Mr. More makes a mistaken assumption. He accuses me of "knowing that (he) wrote that article when (he) was a *teenager,*" when I knew no such thing. To be perfectly honest, I don't know how old Mr. More is, and I wasn't paying attention to the date of the article, when I commented on it. All I knew, when I read the article, was that every thread of maternal instinct in me screamed, "Hang Max More." Yet, here he is, wanting everyone to give him the benefit of the doubt, while he makes negative assumptions about me.

I don't think anyone, wanting to expose what they thought to be truly abhorrent behavior, would "(bother) to check with" the person they were trying to expose. (By "behavior," I am accusing Mr. More of writing what I consider to be a truly disgusting article, nothing more.) If everyone wanting to write an expose, checked with the person they were writing about, first, there would probably be a lot of disappearing evidence!

As for the "false headline" Mr. More accuses me of, even I felt uncomfortable with my use of the word "promotes," which is why I changed the title, not long after writing it. However, to be honest, the word I was searching for, but could not come up with at the time, was "endorses," (which probably paints just as ugly of a picture). Whether Mr. More likes it, or not, his article did read as an endorsement of pedophilia.

STILL, I had a bad taste in my mouth, after writing about him, with the nagging thought that I don't know him, in the back of my mind, and was thinking of, at least, toning down what I had written. The situation for me was compounded, when Mr. More's wife threatened me with litigation, (I don't respond well, to threats), and indicated the purpose of the article was Mr. More's "attempt to offer fair and just 'discussion' between those who have a mental illness and the law," something I found insulting to my intelligence.

So, now, here we are...with Mr.
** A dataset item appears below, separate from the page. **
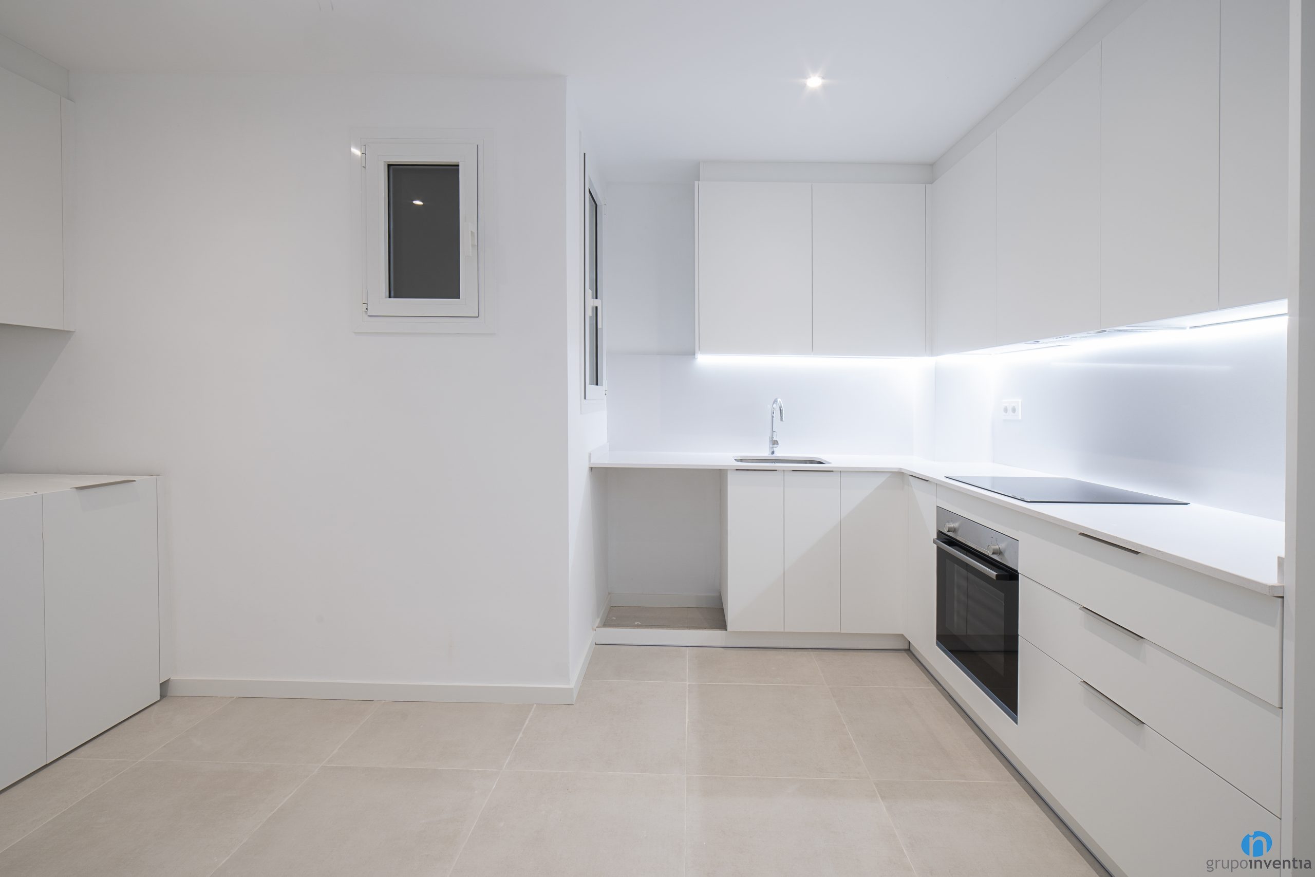 The kitchen of this flat in Barcelona is located in its own space which is accessed through a sliding door. It is a large surface kitchen and we have installed a new L-shaped kitchen furniture. It has several custom-made holes to integrate the different appliances.
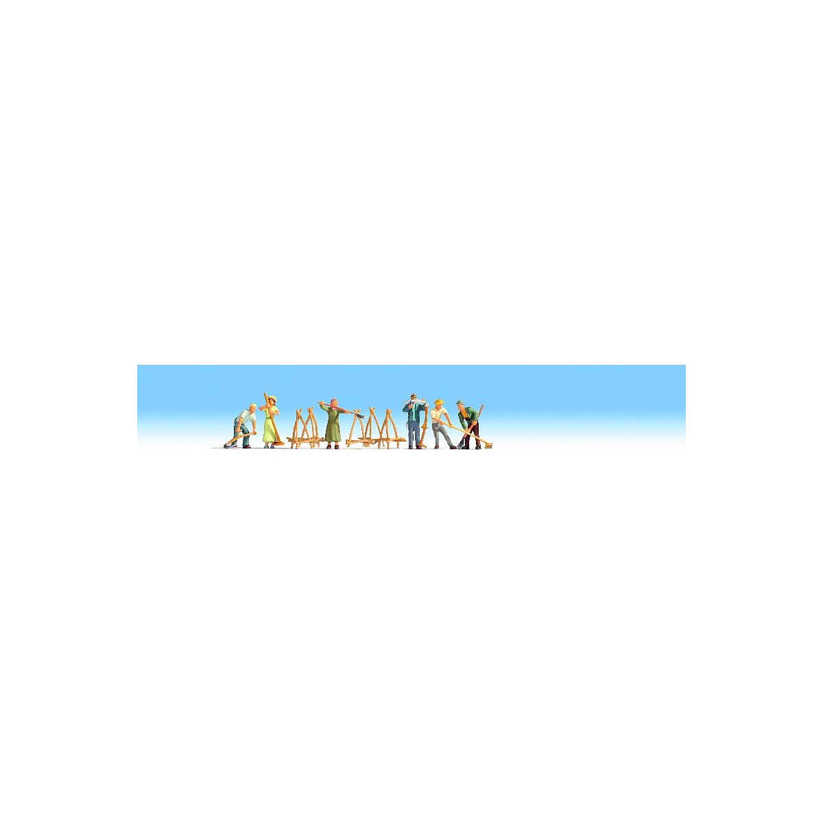 Landwirte bei der Heuernte.Das Set für die Spur H0 (Maßstab 1:87, ca. 2 cm hoch) enthält sechs Landwirte bei der Heuernte sowie fünf Heinzen und weitere Arbeitsgeräte.Ein Mann in einem hellen Shirt und einer blauen Hose beugt sich nach vorne, um das Gras mit einer Sichel zu mähen. Die junge Frau im gelben Kleid hält einen Rechen in der Hand. Eine weitere Bäuerin trägt ein grünes Kleid und schaufelt das Heu mit einer Gabel auf die Heinzen. Der Mann mit der blauen Jacke und dem hellblauen Hemd schleift seine Sense, damit diese wieder scharf ist. Ein weiterer Landwirt in einem hellgelben Hemd und einer grauen Hose recht das Heu zusammen. Der letzte Arbeiter trägt eine grüne Jacke, ein gelbes Hemd sowie eine braue Latzhose und lädt das Heu mit einer Gabel auf.Die Miniaturfiguren sind ideal zur Dekoration von ländlichen Szenen geeignet..

More asking, "Why didn't Ms. Maxim just check with me?" and me asking "Why didn't Mr. More just send me an email, saying, "Hey, did you bother to note I was just a kid, when I wrote that garbage? Please let me explain."

I'm not sure what to do. I WANT to believe him, but I'm not sure Mr. More is telling the truth about his change of heart, regarding coercion and the age of consent. It's hard for me to consider an about-face on something as extreme as that, because I sincerely believe I have the same fundamental values, now, as I had when I was a teenager. Also, it's hard for me to believe anything that comes from someone connected to cryonics organizations, when there have been so many lies. On the other hand, Mr. More WAS incredibly young when he wrote the article, and some people REALLY DO change, over time, and we all make mistakes. On top of that, Mr. More seems to like attention, (though he may be changing his mind about that), and I think it's entirely possible he WAS just trying to get attention, when he wrote that article, as a very young man. I'm willing to give him the benefit of the doubt, but I don't like removing things from my blog, (especially when people have threatened me with litigation). If Mr. More follows through with re-publishing the article, with an explanation of how his opinions have changed over time, I will seriously consider replacing what I wrote on my blog, with simply a link to his new piece, and maybe a brief comment.

Mr. More doesn't know how disappointed I was, to read his article. He and I have probably jumped to conclusions about one another, and at least one of us (him) has probably been told a lot of lies about the other. It's a sad situation, really, considering my background and (what should be) his goals, for Alcor.

Now, I had better click "Publish Post," before I change my mind. I'm still uncertain about this situation, and I'm not looking forward to "catching it from both sides," (supporters, and enemies, alike, for this post).